# IMDB datasets
This notebook contains the Python-3 script to get IMDB movie data into a database from their downloadable datasets. It assumes you have psycopg2, which you can install from conda. I recommend making a **new** conda environment, so your _root_ environment won't get corrupted. For example, the following command in a conda shell would create a new Python-3.6 environment with psycopg2.

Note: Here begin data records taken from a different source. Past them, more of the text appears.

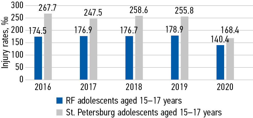 Fig. 2. Dynamics of the injury rates among adolescents aged 15–17 years in St. Petersburg and Russia in 2016–2020 (per 1000 population of corresponding age ‰)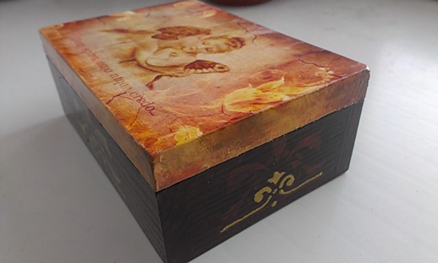 Хорошая шкатулка для первой работы. Но золотую окантовочку внутри я бы закрасила.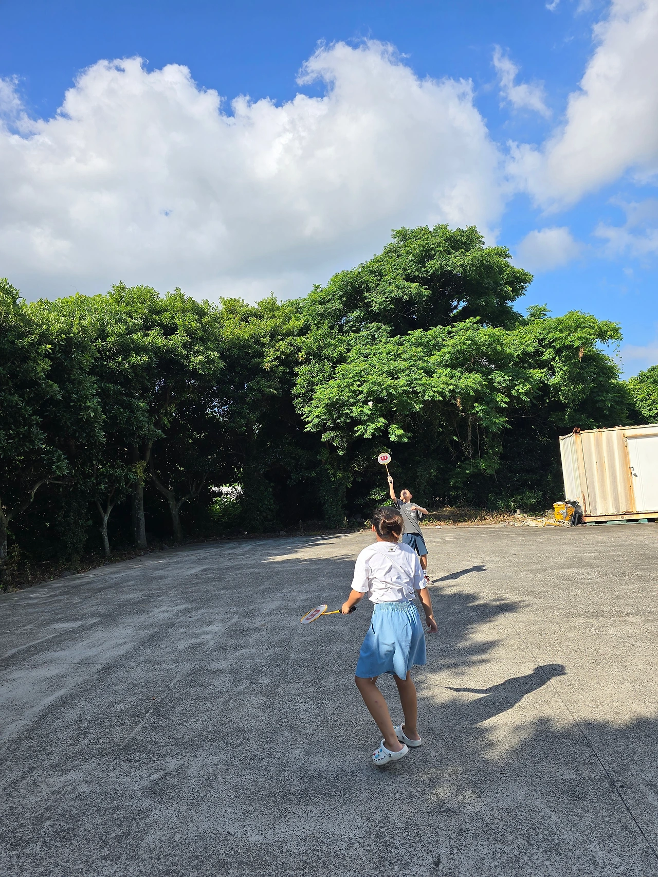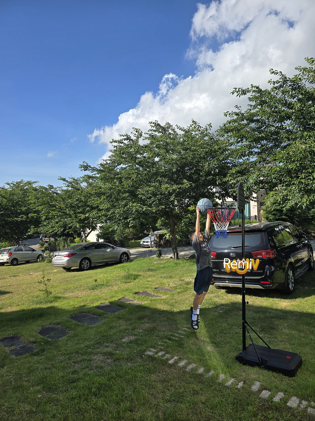 마당에서 농구공을 튕기고 배드민턴 라켓을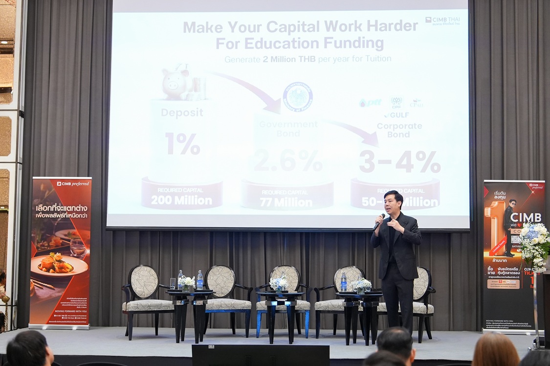 ภูดินันท์ เศรษฐนันท์ Head, Affluent & Wealth Management ธนาคาร ซีไอเอ็มบี ไทย เปิดเผยว่า การศึกษาและการลงทุน สองสิ่งนี้ต้องเดินไปด้วยกัน การบริหารเงินอย่างชาญฉลาด จะตอบโจทย์การศึกษาลูกให้มีประสิทธิภาพมากขึ้น ทีม Wealth CIMB THAI ขอเป็นส่วนหนึ่งที่จะร่วมเดินทางไปกับลูกค้าเริ่มต้นด้วยการจัดงานสัมมนาให้ความรู้ ‘Overseas Education x Financial Solution เปิดเส้นทางสู่การศึกษาต่อต่างประเทศอย่างมั่นใจ’ เพราะคำถามที่ผู้ปกครองหลายคนมีตรงกันคือ ส่งลูกไปเรียนต่อต่างประเทศที่ไหนดี เช่น สหรัฐหรือสวิตเซอร์แลนด์ และต้องเตรียมเงินอย่างไรให้เพียงพอ ธนาคารจึงเชิญผู้เชี่ยวชาญด้านการศึกษามาให้ความรู้ ผสานกับผู้เชี่ยวชาญ CIMB THAI แนะเตรียมความพร้อมต้นทุนค่าการศึกษาด้วยการวางเงินลงทุนให้ตรงจุด ผลตอบแทนที่งอกเงยสามารถครอบคลุมค่าเล่าเรียนตลอดเส้นทาง และเมื่อลูกหลานเรียบจบ เงินต้นอยู่ครบ เรียกได้ว่า ออกแบบแผนเรียนฟรีได้ ถ้าใช้ตราสารหนี้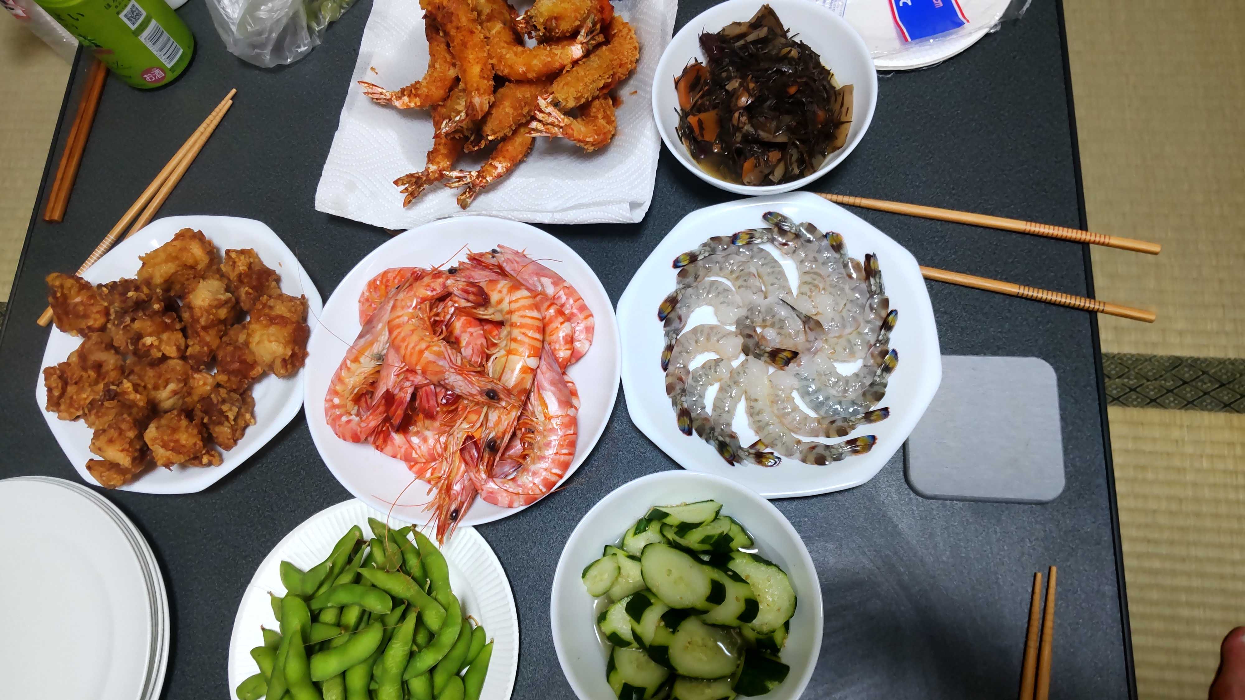 車海老のお刺身、エビフライ、ボイルした車海老、買ってきた唐揚げ。枝豆、

 $ conda create -n py36-imdb python=3.6.3 psycopg2

[psycopg2](http://initd.org/psycopg/) is a binding to the [PostgreSQL](https://www.postgresql.org/) C-API that uses the [Python DB-API 2.0 specification](https://www.python.org/dev/peps/pep-0249/). This means it uses the same syntax to connect and execute queries as the [builtin `sqlite3` Python module](https://docs.python.org/3.6/library/sqlite3.html).

In [1]:
# imports
import csv
import gzip
import os
import urllib
import psycopg2, psycopg2.extras
import logging

# logging
logging.basicConfig()
LOGGER = logging.getLogger(__name__)
LOGGER.setLevel(logging.DEBUG)

In [2]:
# meta data about the URL, the data tarballs, and their schema
IMDB_datasets = 'https://datasets.imdbws.com/'
datasets = {
 'title_basics': 'title.basics.tsv.gz', # information for titles
 'title_crew': 'title.crew.tsv.gz', # the director and writer information for all the titles in IMDb
 'title_episode': 'title.episode.tsv.gz', # the tv episode information
 'title_principals': 'title.principals.tsv.gz',
 'title_ratings': 'title.ratings.tsv.gz',
 'name_basics': 'name.basics.tsv.gz'
}
DETAILS = {
 'title_basics': [
 ('tconst', 'TEXT PRIMARY KEY'), ('titleType', 'TEXT'), ('primaryTitle', 'TEXT'),
 ('originalTitle', 'TEXT'), ('isAdult', 'INT'), ('startYear', 'INT'),
 ('endYear', 'INT'), ('runtimeMinutes', 'INT'), ('genres', 'TEXT')
 ],
}

In [3]:
# info to connect to an online database set up for this tutorial
DBNAME = 'breaking-bytes_imdb'
HOST = 'postgresql-breaking-bytes.alwaysdata.net'
PORT = 5432
USER = os.getenv('USER')
PASSWORD = os.getenv('PASSWORD')

# connect to the database and get a Python DB-API 2.0 "cursor"
conn = psycopg2.connect(dbname=DBNAME, user=USER, password=PASSWORD, host=HOST, port=PORT)
cur = conn.cursor()

In [4]:
# create title.basic table
EXPR = ('CREATE TABLE title_basics(%s, %s, %s, %s, %s, %s, %s, %s, %s);'
 % tuple(' '.join(kv) for kv in DETAILS['title_basics']))
cur.execute(EXPR)
conn.commit()

In [5]:
# get the 'title.basics' dataset
with urllib.request.urlopen(IMDB_datasets + datasets['title_basics']) as http_response:
 tsv = gzip.decompress(http_response.read())

In [6]:
# split the lines into rows
rows = tsv.decode('utf-8').split('\n')

LOGGER.debug(rows[0].split('\t')) # take a look at the headers

# skip the first row with the headers and the last row with only a newline
rows = rows[1:-1]

# split the rows into columns
records = [row.split('\t') for row in rows]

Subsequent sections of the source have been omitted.